Nach kurzer Umbaupause und Flüssigkeitsnachschub von der Bar wird der Bereich vor der Bühne merklich voller. Keine Frage, die wenigen Besucher wollen Devil May Care sehen. Schon vorab ist mir zu Ohren gekommen, dass Fans der Band auch eine weitere Reise auf sich nehmen. Die Lichtshow und das Intro sorgen für eine unheilvolle Atmosphäre. Dann legen DMC mit Into The Abyss los, als gäbe es kein Morgen. Springen, moshen, rennen. Hier steht auf und vor der Bühne keiner mehr still. Das promotete Album Divine Tragedy erschien erst zwei Tage vor dem Auftritt und trotzdem ist das Publikum erstaunlich textsicher. Erst recht bei den Songs vom 2019er-Album Echoes, das zu meiner Freude auch einen großen Teil der Setlist einnimmt. So ist die Mischung aus alt und neu perfekt. Ohne große Unterbrechungen feuern die Würzburger aus allen Rohren. Sogar die erste Single Last September aus den Anfängen der Band wird zum Besten gegeben.

Nach einigen Stücken entschuldigt sich Frontmann Tim für seine hörbar angegriffene Stimme. Am Merchstand erzählt er mir, dass ihn seine Stimmbänder ausgerechnet vor der kleinen Tour im Stich ließen. Weiter lässt er sich nichts anmerken und gibt Vollgas. Genauso Vollgas gibt leider auch der gute Mann am Mischpult. Leider hat das Chéz Heinz die Angewohnheit vieler kleiner Clubs und fährt die Lautstärke bis zur Schmerzgrenze. Auch wenn wir hier nicht beim Kaffeekränzchen sind, ist laut nicht immer gut. „Moshpit“ lautet Tims knappe, aber verständliche Ansage zum Hit Dead Ember (über eine halbe Million Streams bei Spotify). Während sich die Tanzwütigen vor der Bühne formieren, bringe ich meine Kamera in Sicherheit, um den Rest des Abends ebenfalls abtanzen zu können. Doch erst mal folgt die Ballade Echoes, die Tim Heberlein seinem verstorbenen Vater widmet. Nur mit Gitarre, Mikro und schwummrigem Licht liefert er eine herzzerreißende Performance. Dabei wird seine angegriffene Stimme von den Gesängen der Zuschauer unterstützt – Gänsehaut!

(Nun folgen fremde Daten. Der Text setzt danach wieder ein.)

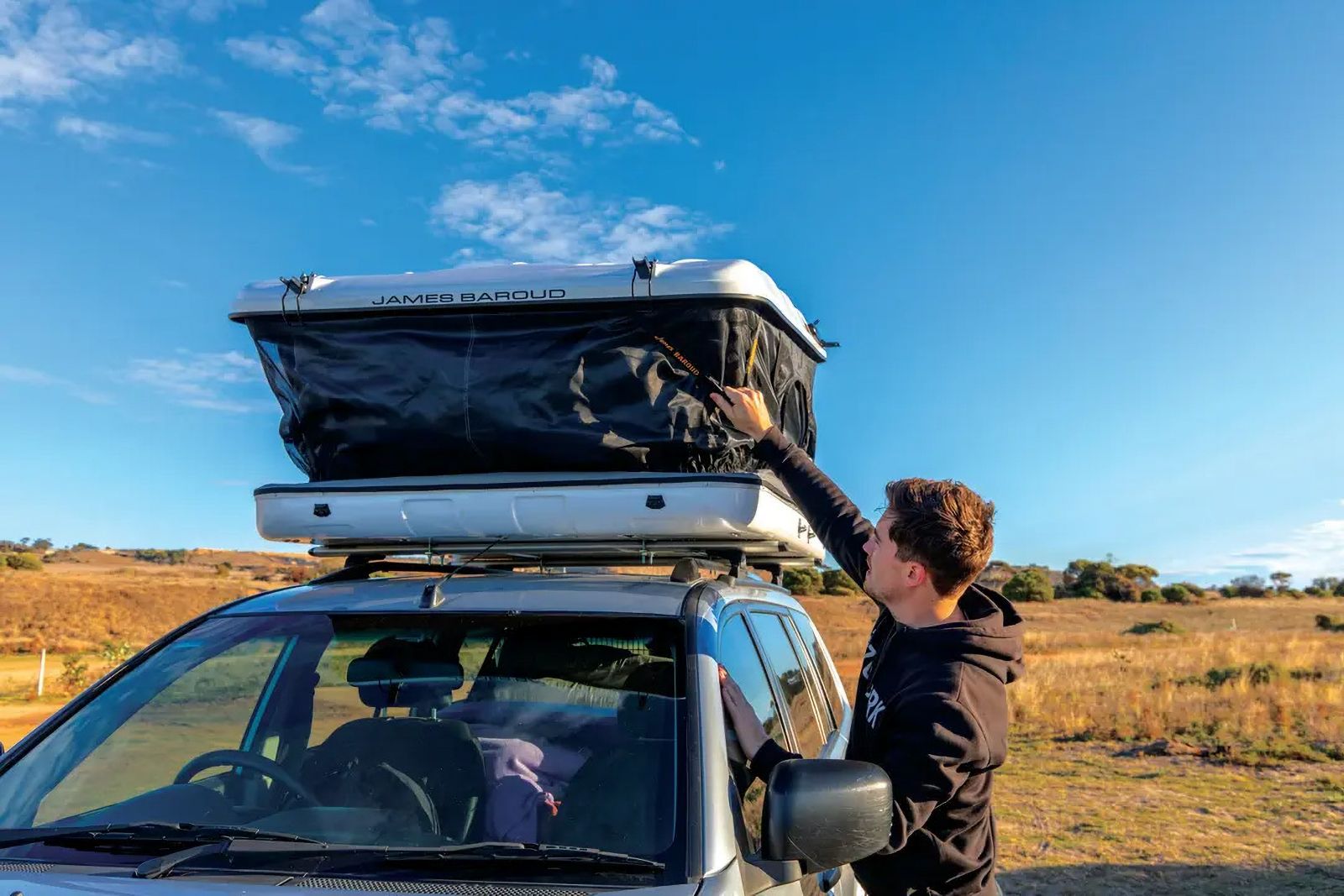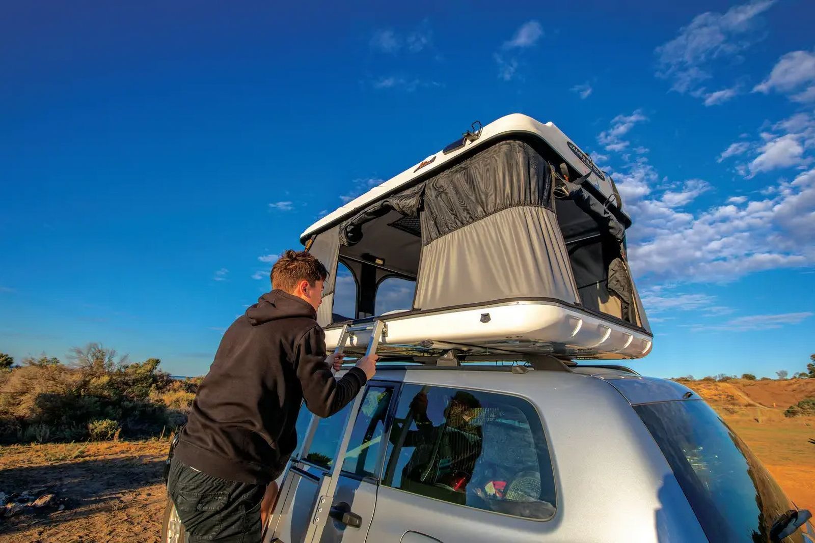 The James Baroud Evasion is a premium hardshell rooftop tent designed for adventurers who demand quick setup, superior comfort, and unwavering durability. Handcrafted with fiberglass-reinforced materials and engineered to perform in any climate—from desert heat to seaside storms—this rooftop tent delivers the ultimate balance of luxury and practicality. With its gas-strut assisted opening, weatherproof canvas, and cutting-edge ventilation system, the Evasion ensures every journey is both comfortable and secure.

Vor dem Song L.I.A.R. macht Gitarrist Lukas auf die Clean-Up-Aktion der Band in Zusammenarbeit mit lokalen NGOs aufmerksam. Während der Tour wurden die Gebiete rund um die Locations und angrenzenden Ufer von Plastikmüll befreit. Dabei wurden Devil May Care u. a. von CleanUp Hannover, Krake e. V., Sea Shepherd und Dutzenden Freiwilligen unterstützt. Wer die Jungs verfolgt, weiß, dass sie mit 100 % Herzblut dahinterstehen. Wir haben nur eine Erde – schützt sie. DMC brettern weiter durch ihr Set, das mit Delirium ein weiteres Highlight enthält. Selbst für den Rap-Part, den im Original-Feature Johannes „Jojo“ Gauch von Sperling übernimmt, ist sich Tim nicht zu Schade. Schließlich kann er seine Stimmbänder bis zum Konzert in Würzburg am 28.12. schonen. Mit knarzenden Basslines in Odyssey, dem genialen Dayblind und der Singalong-Hymne Tragedy geht der Abend in einem gefühlten Wimpernschlag vorüber. Das lässt mich zumindest entspannt im Hinblick auf die zweistündige Heimreise schauen. Natürlich nicht ohne vorher noch am Merchstand vorbeizuschauen. Die größten Festivals der Welt sind nur ein schwacher Trost verglichen mit der Intimität einer Clubshow. Danke Jungs!